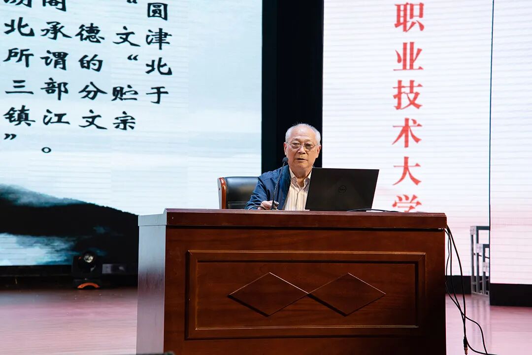 在报告会现场,刘士尧把“《文澄阁四库全书》书香校园示范基地”0001号牌匾隆重授予洛阳科技职业学院。
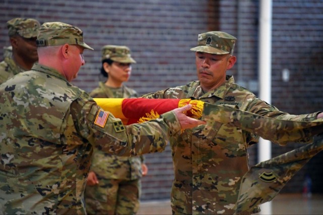 During the ceremony, the flag was uncased by Lindemann and the DIVARTY Command Sgt. Maj. Curtis Moss.
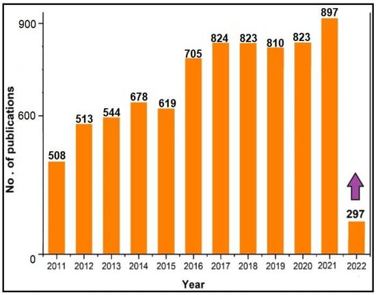 Equation (1) shows that increasing the gas turbine’s inlet temperature can improve its thermal efficiency []. Raising the turbine’s inlet temperature sets an immediate requirement on the materials working in the gas turbine’s hot regions, where the temperatures approximate the range of 1500 °C []. Here, the temperature is higher than the melting point of the most reliable working materials in gas turbines now, such as nickel-based superalloys. When rising the temperature of hot gas inside the turbine inlet, it is more important to control the temperature and protect the turbine component from degradation. Hence, it is feasible to use outside insulation of the surface material and an internal cooling system for turbine components. This internal cooling system is used to restrict the volume of air and control the heating temperature without decreasing the gas turbine’s thermal efficiency. When a quantity of air higher than 8% is utilized for cooling purposes for the turbine, the main benefit of this cooling system is to regulate the working temperature and increase the mechanical and thermal efficiency of turbine blades []. Coating quality advancements can improve work performance and reliability []. The researchers’ foremost challenge issues in surface coating are how to improve the thermal stability of the ceramic powder material at a higher working temperature to provide a better insulation property for the substrate metal []. The various approaches and synthesis mechanisms can be used for materials processing in other applications []. The details of papers published on thermal barrier coatings have been fetched from scopus.com (accessed on 23 August 2022) and presented in Figure 2. Researchers are focusing on the challenges associated with thermal barrier coatings, and advancements are still going on in this field.
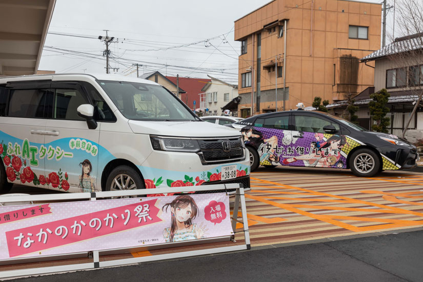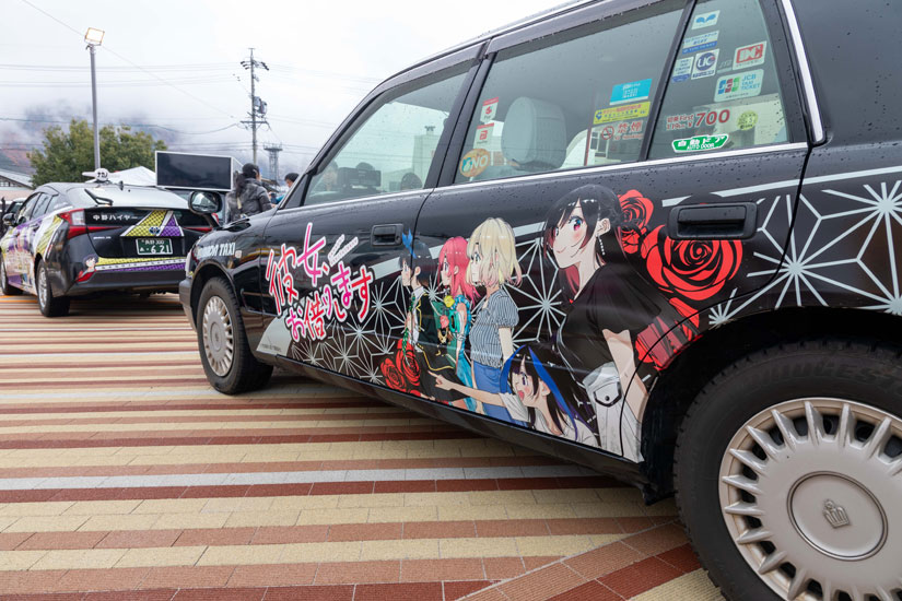 かのかりのキャラクターが描かれたラッピングタクシーが運行。
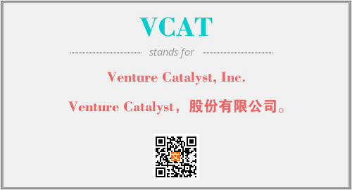 上述内容是“Venture Catalyst, Inc.”作为“VCAT”的缩写,解释为“Venture Catalyst,股份有限公司。”时的信息,以及英文缩略词VCAT所代表的英文单词,其对应的中文拼音、详细解释以及在英文中的流行度和相关分类、应用领域及应用示例等。
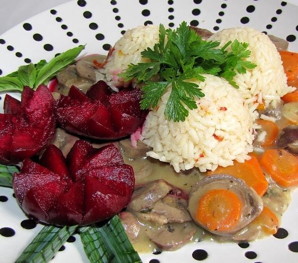 na ryż1 szkl ryżu2 szkl wody1 łyżeczka suszonych pomidorów1 łyżka olejuszczypta sol i na buraczki5-6 szt buraczków ćwikłowych małychpół szk czerwonego winapół szkl cukruSerca oczyścić, wymoczyć i zalać czystą wodą tak by pływały. Dodać pokrojoną drobno cebulę i marchewkę w całości, doprawić solą i majerankiem i jarzynką, ugotować do miękkości. Buraczki umyć, zalać wodą i ugotować. Ryż ugotować z dodatkiem soli, pieprzu i suszonych pomidorów. Pozostawić pod przykryciem. Serca wyjąć z bulionu łyżką cedzakową, marchewkę również i pokroić na plasterki. Wrzucić ponownie do bulionu. Dodać posiekany czosnek i gotować odparowując nadmiar płynu. Pod koniec podprawić mąką rozrobioną w malej ilości wody. Ugotowane buraczki obrać i przekroić dekoracyjnie lub na zwykłe plastry. Na patelni zagotować wino z cukrem aż wytworzy się syrop. Dodać buraczki i obracać je gotując ok 5-7 min. Na talerzu nakładać porcje gulaszu z serc, na nie kulki ryżu i obok buraczki polane dodatkowo glazurą.
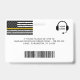 Identifique-se facilmente e ao seu despachante na estação com esses distintivos de identificação personalizados com foto, logotipo, código de barras e linha dourada fina para cartões de identificação de despachantes 911. Personalize com a foto do despachante, nome, número de identificação e departamento de polícia ou departamento de bombeiros. Personalize a parte traseira com o logotipo do despachante ou departamento e código de barras, ou qualquer outra informação. Esse distintivo de identificação de despachante com linha dourada fina é perfeito para todos os despachantes 911, despachantes de polícia, departamentos de polícia e departamentos de bombeiros. COPYRIGHT © 2020 Judy Burrows, Black Dog Art - Todos os Direitos Reservados. Distintivo Personalizado com Foto e Código de Barras com Linha Dourada Fina para Despachantes
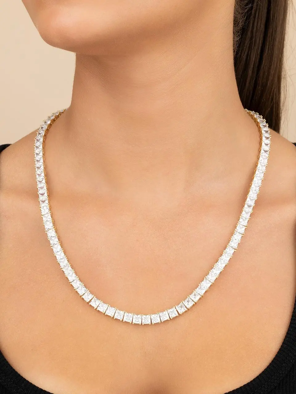The boldest link in your layering game. This squared tennis necklace delivers max shine with every angle—no spotlight needed.
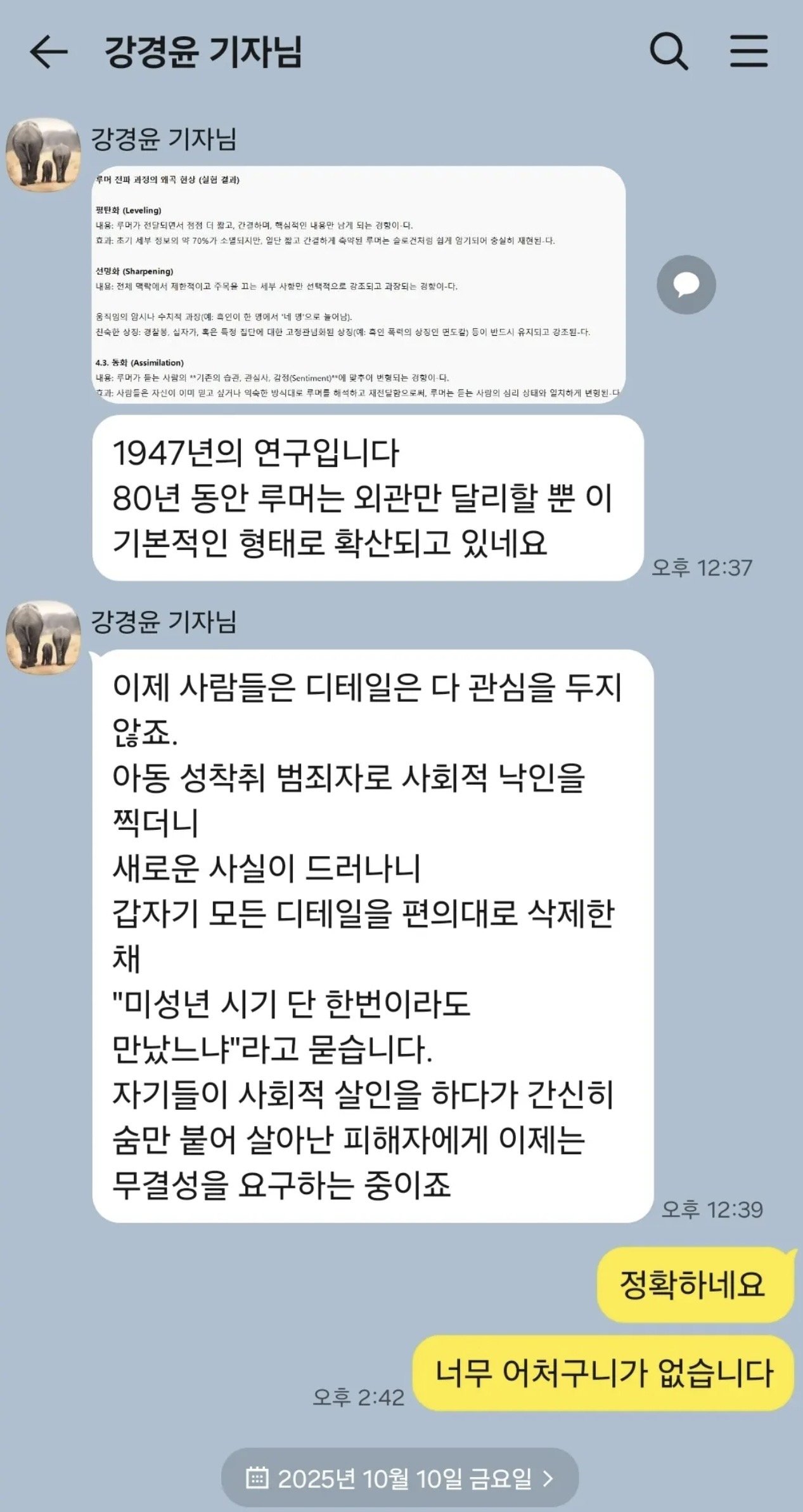 효과: 사람들은 자신이 이미 믿고 싶거나 익숙한 방식대로 루머를 해석하고 재전달함으로써, 루머는 듣는 사람의 심리 상태와 일치하게 변형된다.
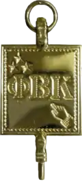 The "key" of Phi Beta Kappa did not begin as a copy of a watchkey. The first insignia was in fact a larger, cut-and-engraved silver medallion, essentially a square of metal with a loop cut integrally with the body of the square from the same sheet of silver, in order to allow for suspension from one or two ribbons worn around the member's neck in the manner in which the older fraternities (and the Masonic bodies on which the collegiate societies were in part patterned) wore their own insignia.[21] Later, the size of the medallion was reduced and men took to wearing the insignia on their watch chains as fobs.
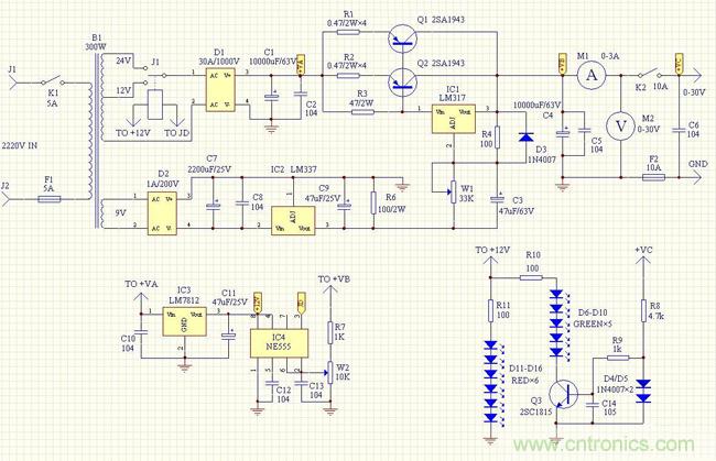 圖:簡(jiǎn)單易制、低廉高效的0-30V/10A可調(diào)穩(wěn)壓電源電路原理
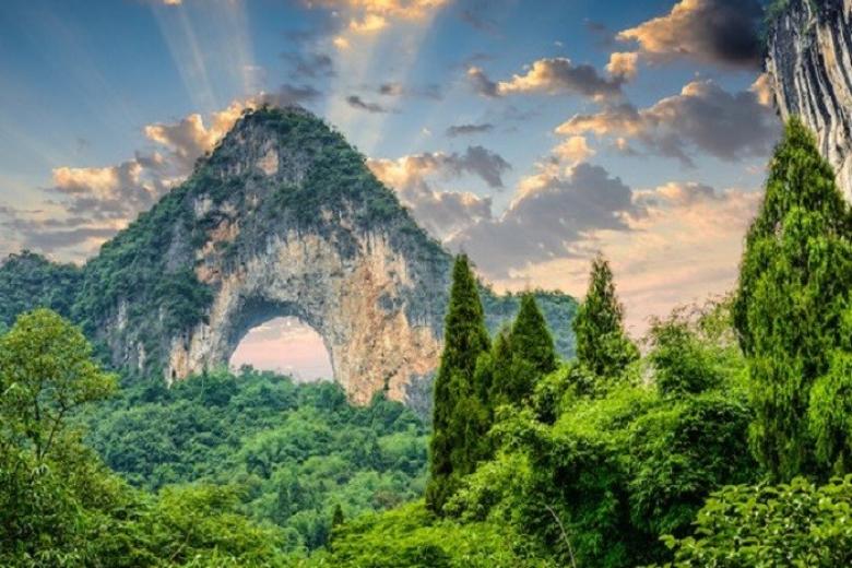 • Núi Vòi Voi - Biểu tượng của thành phố Quế Lâm, dòng nước chảy xuyên qua hang tạo nên cảnh “hai vầng trăng trên sông Ly” độc đáo
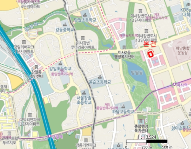 미사역에서 도보로 10분 거리에 위치해있고, 강남역까지 1시간 이내의 강남권.
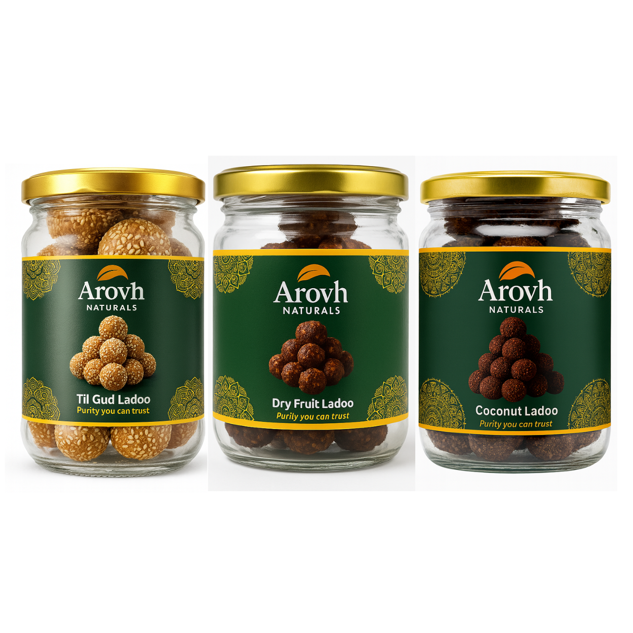 Arovh Naturals Trio Delight brings you the perfect blend of tradition and taste – Til Gud Ladoo, Dry Fruit Ladoo, and Coconut Ladoo. Made with pure ingredients, free from preservatives, and packed with wholesome goodness, this combo is ideal for gifting or indulging in healthy mithaas at home.

—————

What is being asked:
Once the line containing "During the ceremony, the" has been located, transcribe exactly and only every line from the first line of the entries through it, excluding pictures.

Exercise response:
 在报告会现场,刘士尧把“《文澄阁四库全书》书香校园示范基地”0001号牌匾隆重授予洛阳科技职业学院。
 During the ceremony, the flag was uncased by Lindemann and the DIVARTY Command Sgt. Maj. Curtis Moss.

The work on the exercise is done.